From the data that follows, print exactly the lines starting at the one containing "Kadın Gümüş Bilekten" and ending at the one containing "Супер практичен кабел"; include both of them and nothing more.

══ Information provided

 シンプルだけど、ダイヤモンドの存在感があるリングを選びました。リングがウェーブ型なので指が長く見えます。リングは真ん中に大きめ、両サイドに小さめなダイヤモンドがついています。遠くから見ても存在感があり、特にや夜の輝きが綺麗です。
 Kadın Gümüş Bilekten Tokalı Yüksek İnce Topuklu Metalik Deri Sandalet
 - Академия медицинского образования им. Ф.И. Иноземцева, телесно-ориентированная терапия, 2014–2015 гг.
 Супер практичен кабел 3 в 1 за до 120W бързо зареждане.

════
══ Information provided

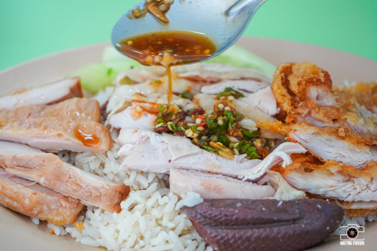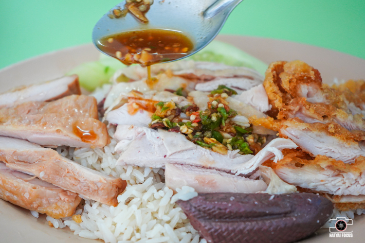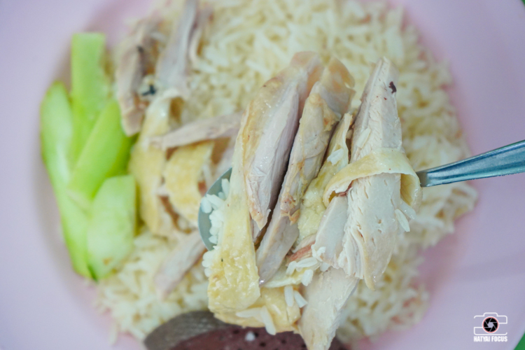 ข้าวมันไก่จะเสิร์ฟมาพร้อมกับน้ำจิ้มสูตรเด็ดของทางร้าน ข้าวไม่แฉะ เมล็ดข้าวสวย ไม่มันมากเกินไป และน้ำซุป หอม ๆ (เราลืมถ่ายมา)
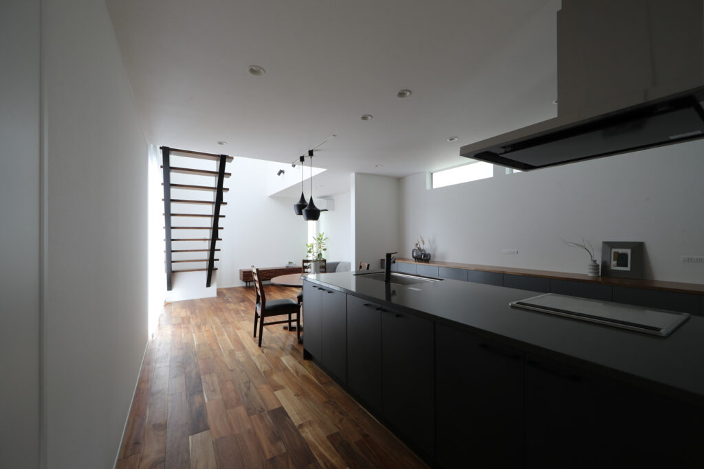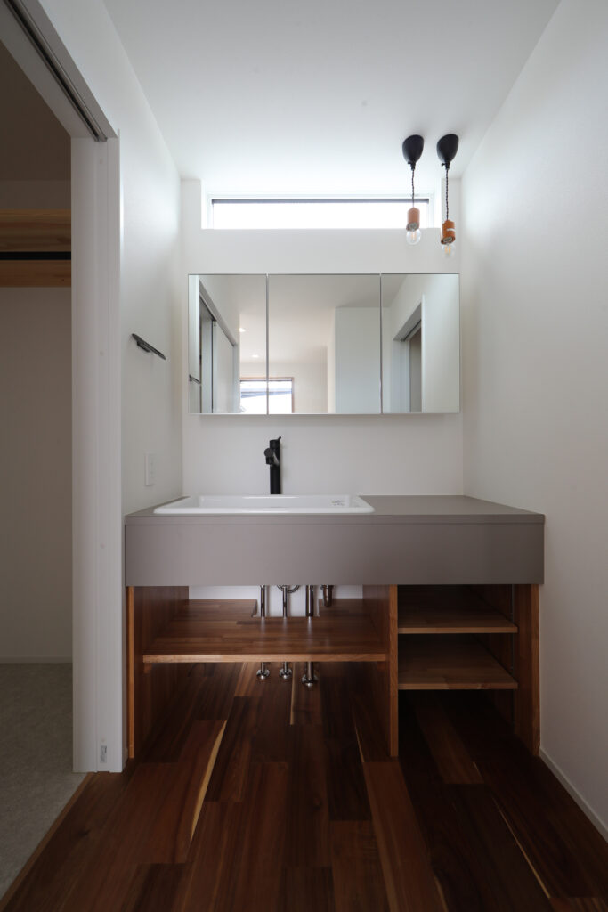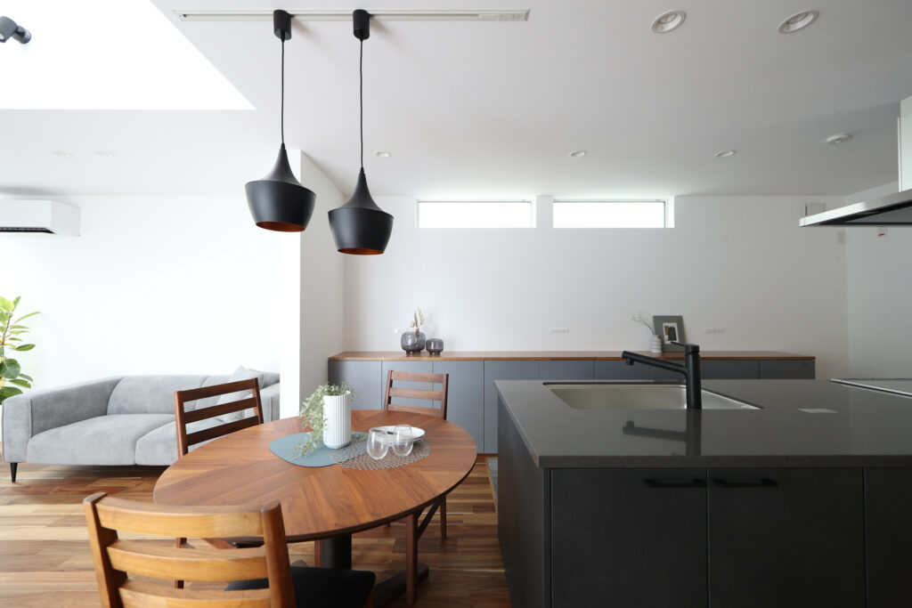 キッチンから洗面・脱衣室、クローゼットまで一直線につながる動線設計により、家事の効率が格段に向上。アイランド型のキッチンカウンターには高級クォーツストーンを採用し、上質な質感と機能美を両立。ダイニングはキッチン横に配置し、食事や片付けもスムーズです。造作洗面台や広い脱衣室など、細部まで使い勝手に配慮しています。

════

Response for this exercise
 Kadın Gümüş Bilekten Tokalı Yüksek İnce Topuklu Metalik Deri Sandalet
 - Академия медицинского образования им. Ф.И. Иноземцева, телесно-ориентированная терапия, 2014–2015 гг.
 Супер практичен кабел 3 в 1 за до 120W бързо зареждане.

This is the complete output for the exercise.